People often think they can figure out their estate plan later – when they are older, richer, sicker, free from debt and the list goes on.
“Too often, people don’t have a plan, and they end up dying before they’ve got it just how they want it,” Dobbs says. “Have something that fits for today and dust it off as needed.”
What Should Drive Decisions?
When it comes to estate planning, Dobbs says there is no cookie-cutter-approach.
“You can’t copy what your neighbor did,” she says. “It has to be customized for your family, your facts, your assets, your goals, your family members and your farm.”
She often challenges farmers with tough questions like should your off-farm kids get bought out?

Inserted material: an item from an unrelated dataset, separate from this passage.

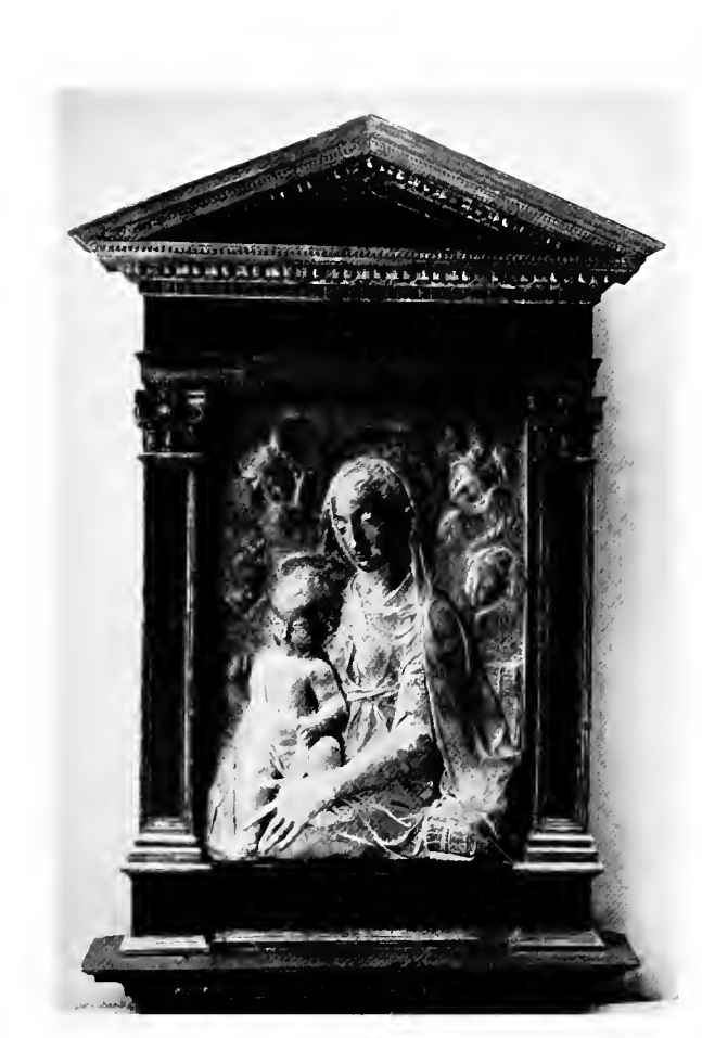
66 MADONNA AND CHILD, By Antonio Rossellino

“Should they get bought out of equipment, improvements, grain bins, shops, shed and all of the silver things that we build on top of gravel lots to use in production agriculture?” she asks. “Do you feel like your off-farm heirs are entitled to a share of these operating assets? If so, fine. If not, that’s OK, too.”
Part of what Dobbs does is give permission to people to treat their children differently and to define their children’s inheritance.
“It’s not necessarily one quick check after an auction after your funeral,” she points out. “It is absolutely fine to treat your children differently. I preach over and over again that fair does not mean equal. There is no law that says the columns for your children must tally to the penny and be exactly equal with the assets they receive at your death. You’re aiming for a fair balance, and you define what is fair.”
Ultimately, she says, it comes down to peace of mind when you lay your head on the pillow. Do you have a fair plan in place?
Talk Now, Don’t Wait
Communicating the estate plan during your lifetime is very important, but it’s often the step that farmers fail to complete. She says transparency helps avoid entitlement.
“When someone thinks they’re going to get a certain amount of the value of your assets, they’re already calculating it and counting on it,” she says. “After your death, if the plan is different, that’s when the entitlement rears its head.”
She emphasizes the details must be defined by the farmer.
“A lot of my clients would rather put their head down and have the plan unveiled after death,” Dobbs says. “I understand that’s challenging. But it’s far better to have transparency and throw everything out on the conference room table so you can shine a light on it and talk about it.”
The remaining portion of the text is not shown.